Even the revenues from tourism are also “inflated”, since in the turnover increase of 6-7 billion euros that we expect for this year compared to 2021, a rate of about 8% should also be calculated from the increase in the prices of accommodation and related activities due to inflation.
On the other hand, State salaries and pensions remain at the same levels as they were in 2019. The same goes for the expenditure on grants and the returns of resources to the OTAs.

Increased public revenue that incorporates inflation minus spending forms the additional fiscal space needed to continue supporting households and businesses for as long as needed. All this, of course, without changing the basic fiscal target that wants the primary surplus to decrease to 2% of GDP from the 5% of GDP that had reached the end of 2021.

Lower debt and deficit

A second positive effect of high inflation is the indirect reduction of quantities such as debt and deficit which are recorded smaller as a percentage of GDP without much effort. We had a first positive effect on the level of debt and deficit in 2021 when, for the first time after 9 years, annual inflation was positive. The benefit will be even greater this year. Inflation and higher growth are expected to push the debt-to-GDP ratio below the 180.2% predicted in the stability and growth program sent to Brussels since the end of last April. Inflation will have the same effect on the size of the deficit, which will be less than the 2% of GDP foreseen in the budget. The effect on debt and deficit will be greater this year, as inflation itself is expected to reach close to 8% on an annual basis. The new forecasts will be integrated into the Medium-term Fiscal Strategy Program (MFSP) 2023-2026 which the Ministry of Finance is expected to finalize and send to Brussels within the next month.

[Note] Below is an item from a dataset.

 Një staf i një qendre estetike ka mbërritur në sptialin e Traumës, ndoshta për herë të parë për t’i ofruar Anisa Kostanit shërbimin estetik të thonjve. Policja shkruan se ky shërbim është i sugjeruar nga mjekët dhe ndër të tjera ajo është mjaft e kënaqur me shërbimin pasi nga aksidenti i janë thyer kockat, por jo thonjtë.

The current account deficit

Somewhere here the positives of high inflation end and the negatives begin. In addition to the obvious, namely the significant reduction in the purchasing value of incomes, the continuous revaluations have a heavy impact on the Gross Domestic Product as well as on the competitiveness of the economy. In particular, in terms of GDP, the greater the value of imports, the greater its reduction. As an indication, we can mention that based on the latest published data of ELSTAT, imports for the six months of January June were increased by approximately 51.1%, reaching 43.6 billion euros in 2022 from 28.86 billion euros in 2021. Only for fuel, the country paid approximately 7 billion euros more than last year, i.e. it lost an amount equivalent to 2.6% of its GDP. At the level of competitiveness, the big picture is given by the balance of current transactions published by the Bank of Greece. Based on the latest data, the current account deficit for the five months of January-May jumped to 10-12 billion euros, recording an increase of more than 4 billion euros compared to the deficit of 6.07 billion euros recorded the same period of 2021. It is characteristic that the current account deficit is approximately the same as the cost of fuel imports which reached 10.17 billion euros in the five months. The only hope to contain the current account deficit lies in tourism, which for the five months had increased the surplus in the balance of services by approximately 2 billion euros.